**Exercise**:
Below are the entries; determine how many of their lines contain the string "Easter" and give that figure alone.

**Given records**:
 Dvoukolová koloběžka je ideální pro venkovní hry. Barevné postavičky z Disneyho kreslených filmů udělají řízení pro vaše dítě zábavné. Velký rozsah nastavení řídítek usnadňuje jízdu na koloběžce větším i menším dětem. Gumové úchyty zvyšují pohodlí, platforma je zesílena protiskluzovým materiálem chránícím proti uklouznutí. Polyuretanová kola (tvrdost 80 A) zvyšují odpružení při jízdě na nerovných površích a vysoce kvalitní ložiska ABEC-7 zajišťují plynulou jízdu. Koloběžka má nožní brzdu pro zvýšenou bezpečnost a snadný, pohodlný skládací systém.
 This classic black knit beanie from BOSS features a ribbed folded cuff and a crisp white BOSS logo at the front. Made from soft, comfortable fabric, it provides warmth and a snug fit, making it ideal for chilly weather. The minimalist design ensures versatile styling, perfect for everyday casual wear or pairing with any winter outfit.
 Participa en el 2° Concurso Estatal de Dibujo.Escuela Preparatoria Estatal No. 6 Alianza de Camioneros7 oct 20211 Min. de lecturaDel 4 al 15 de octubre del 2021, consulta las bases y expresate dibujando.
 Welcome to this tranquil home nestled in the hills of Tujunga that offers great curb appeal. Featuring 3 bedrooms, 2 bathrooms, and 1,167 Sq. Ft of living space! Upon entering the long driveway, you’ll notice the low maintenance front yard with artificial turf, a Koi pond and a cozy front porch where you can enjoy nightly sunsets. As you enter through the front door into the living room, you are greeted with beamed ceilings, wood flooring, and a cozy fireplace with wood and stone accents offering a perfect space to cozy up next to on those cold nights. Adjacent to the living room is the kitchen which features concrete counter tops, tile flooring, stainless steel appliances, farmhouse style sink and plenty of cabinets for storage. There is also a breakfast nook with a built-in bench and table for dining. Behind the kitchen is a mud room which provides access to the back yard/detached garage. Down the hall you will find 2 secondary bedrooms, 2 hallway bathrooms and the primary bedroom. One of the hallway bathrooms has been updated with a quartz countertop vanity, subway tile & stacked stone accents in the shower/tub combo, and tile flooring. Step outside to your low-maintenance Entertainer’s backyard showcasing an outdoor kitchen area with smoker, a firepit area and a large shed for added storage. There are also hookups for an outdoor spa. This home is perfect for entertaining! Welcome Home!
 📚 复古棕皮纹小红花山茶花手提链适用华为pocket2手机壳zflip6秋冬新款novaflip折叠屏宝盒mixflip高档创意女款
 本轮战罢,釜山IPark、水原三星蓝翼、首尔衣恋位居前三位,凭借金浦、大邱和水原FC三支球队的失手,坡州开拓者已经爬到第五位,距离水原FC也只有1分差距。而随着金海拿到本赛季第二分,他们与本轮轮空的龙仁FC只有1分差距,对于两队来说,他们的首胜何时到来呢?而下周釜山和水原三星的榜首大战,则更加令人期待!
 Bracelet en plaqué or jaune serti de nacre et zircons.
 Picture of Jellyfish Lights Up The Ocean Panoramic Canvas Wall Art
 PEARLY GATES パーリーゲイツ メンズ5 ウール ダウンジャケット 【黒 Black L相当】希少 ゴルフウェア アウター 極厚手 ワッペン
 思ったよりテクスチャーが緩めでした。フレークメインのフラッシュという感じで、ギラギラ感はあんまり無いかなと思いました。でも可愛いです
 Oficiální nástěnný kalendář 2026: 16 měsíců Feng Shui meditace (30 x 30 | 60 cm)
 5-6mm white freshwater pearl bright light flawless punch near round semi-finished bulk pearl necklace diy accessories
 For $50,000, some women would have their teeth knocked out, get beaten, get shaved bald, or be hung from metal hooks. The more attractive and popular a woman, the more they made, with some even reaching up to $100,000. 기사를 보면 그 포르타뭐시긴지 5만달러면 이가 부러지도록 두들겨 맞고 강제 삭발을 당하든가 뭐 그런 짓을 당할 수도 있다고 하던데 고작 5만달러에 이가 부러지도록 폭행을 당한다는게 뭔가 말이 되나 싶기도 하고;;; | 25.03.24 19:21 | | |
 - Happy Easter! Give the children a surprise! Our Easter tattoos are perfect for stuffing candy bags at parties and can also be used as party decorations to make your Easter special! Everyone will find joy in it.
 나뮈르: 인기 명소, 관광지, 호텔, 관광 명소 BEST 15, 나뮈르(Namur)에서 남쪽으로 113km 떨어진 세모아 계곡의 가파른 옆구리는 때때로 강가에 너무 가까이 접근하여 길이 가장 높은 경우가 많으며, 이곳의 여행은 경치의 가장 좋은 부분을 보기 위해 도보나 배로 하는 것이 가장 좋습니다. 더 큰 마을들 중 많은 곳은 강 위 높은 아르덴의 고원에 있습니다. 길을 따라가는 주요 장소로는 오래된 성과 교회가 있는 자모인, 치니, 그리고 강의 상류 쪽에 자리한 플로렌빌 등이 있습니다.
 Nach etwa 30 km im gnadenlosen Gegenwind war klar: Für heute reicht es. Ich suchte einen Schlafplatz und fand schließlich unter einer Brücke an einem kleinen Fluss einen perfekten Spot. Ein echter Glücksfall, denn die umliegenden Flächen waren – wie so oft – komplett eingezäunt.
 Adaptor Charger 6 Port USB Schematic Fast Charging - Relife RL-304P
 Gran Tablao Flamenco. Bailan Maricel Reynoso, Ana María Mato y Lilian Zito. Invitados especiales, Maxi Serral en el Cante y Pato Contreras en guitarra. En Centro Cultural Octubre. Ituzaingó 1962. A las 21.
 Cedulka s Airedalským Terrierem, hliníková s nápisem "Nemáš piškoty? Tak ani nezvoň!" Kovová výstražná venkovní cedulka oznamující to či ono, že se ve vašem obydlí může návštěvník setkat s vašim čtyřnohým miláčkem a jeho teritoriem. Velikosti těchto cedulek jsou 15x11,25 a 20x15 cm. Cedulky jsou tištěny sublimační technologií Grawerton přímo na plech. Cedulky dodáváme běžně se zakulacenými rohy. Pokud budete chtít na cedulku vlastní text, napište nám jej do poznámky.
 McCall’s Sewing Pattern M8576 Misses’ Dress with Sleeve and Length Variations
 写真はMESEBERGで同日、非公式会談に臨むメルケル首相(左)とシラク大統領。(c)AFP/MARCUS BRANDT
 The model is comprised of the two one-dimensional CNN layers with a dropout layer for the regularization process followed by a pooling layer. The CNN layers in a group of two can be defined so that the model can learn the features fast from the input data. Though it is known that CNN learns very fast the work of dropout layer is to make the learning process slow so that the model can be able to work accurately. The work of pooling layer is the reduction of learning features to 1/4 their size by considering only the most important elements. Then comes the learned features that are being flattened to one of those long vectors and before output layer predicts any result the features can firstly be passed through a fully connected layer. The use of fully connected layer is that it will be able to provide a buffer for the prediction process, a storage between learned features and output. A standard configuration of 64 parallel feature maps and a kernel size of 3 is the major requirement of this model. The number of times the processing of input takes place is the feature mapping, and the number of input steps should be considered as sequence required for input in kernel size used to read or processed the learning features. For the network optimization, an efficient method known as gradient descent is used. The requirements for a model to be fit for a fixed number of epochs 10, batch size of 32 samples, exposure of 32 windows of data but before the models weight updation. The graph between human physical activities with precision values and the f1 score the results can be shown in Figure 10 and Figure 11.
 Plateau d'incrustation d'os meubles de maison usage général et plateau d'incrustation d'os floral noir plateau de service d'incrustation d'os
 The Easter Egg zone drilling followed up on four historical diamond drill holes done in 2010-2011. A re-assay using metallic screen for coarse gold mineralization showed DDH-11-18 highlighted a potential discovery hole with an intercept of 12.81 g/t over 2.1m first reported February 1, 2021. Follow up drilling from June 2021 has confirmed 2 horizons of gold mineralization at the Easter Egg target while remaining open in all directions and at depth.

**Response to this exercise**:
2